--- START ---

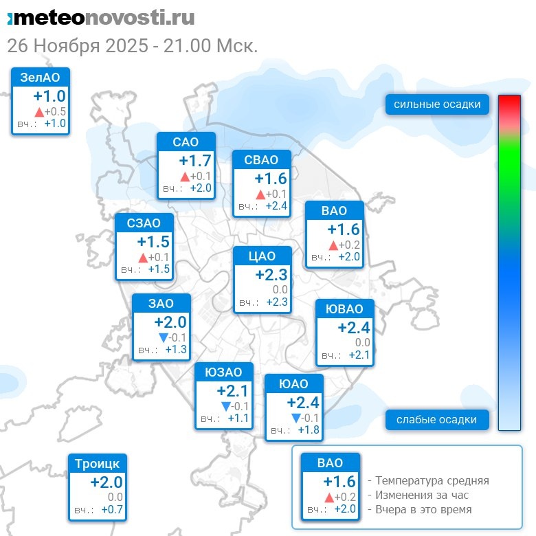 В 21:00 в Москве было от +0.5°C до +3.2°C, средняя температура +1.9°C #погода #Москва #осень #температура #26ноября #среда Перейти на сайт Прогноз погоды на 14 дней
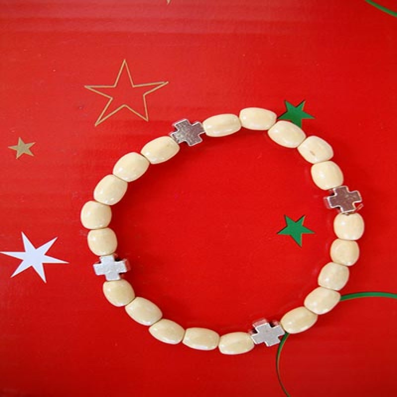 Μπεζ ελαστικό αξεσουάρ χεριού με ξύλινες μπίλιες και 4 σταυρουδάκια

--- END ---
--- START ---

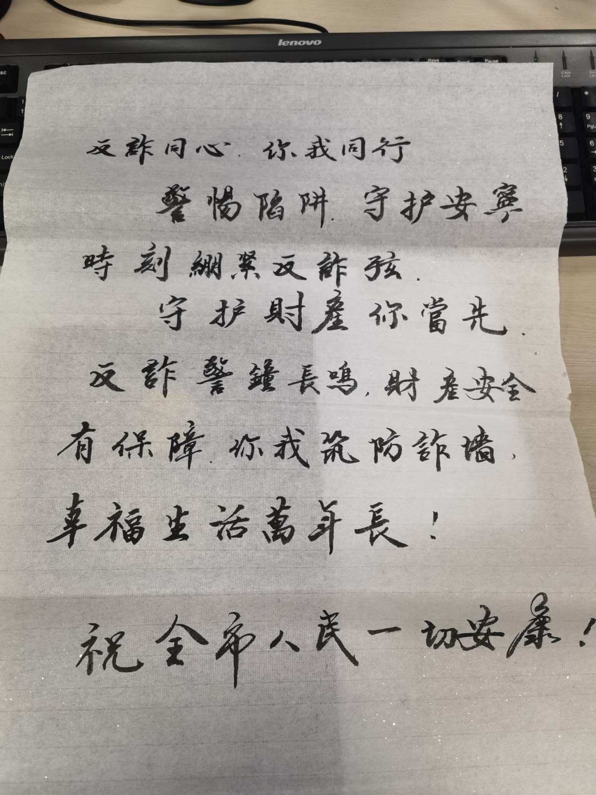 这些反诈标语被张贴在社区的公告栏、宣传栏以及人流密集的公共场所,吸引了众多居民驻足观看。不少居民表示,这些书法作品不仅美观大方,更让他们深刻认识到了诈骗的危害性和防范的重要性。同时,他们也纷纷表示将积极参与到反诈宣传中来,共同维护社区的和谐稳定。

--- END ---

Treat the line with "В 21:00 в Москве" as the start and the line with "Μπεζ ελαστικό αξεσουάρ" as the end, and return exactly that span of the data above, both ends included, without pictures.

 В 21:00 в Москве было от +0.5°C до +3.2°C, средняя температура +1.9°C #погода #Москва #осень #температура #26ноября #среда Перейти на сайт Прогноз погоды на 14 дней
 Μπεζ ελαστικό αξεσουάρ χεριού με ξύλινες μπίλιες και 4 σταυρουδάκια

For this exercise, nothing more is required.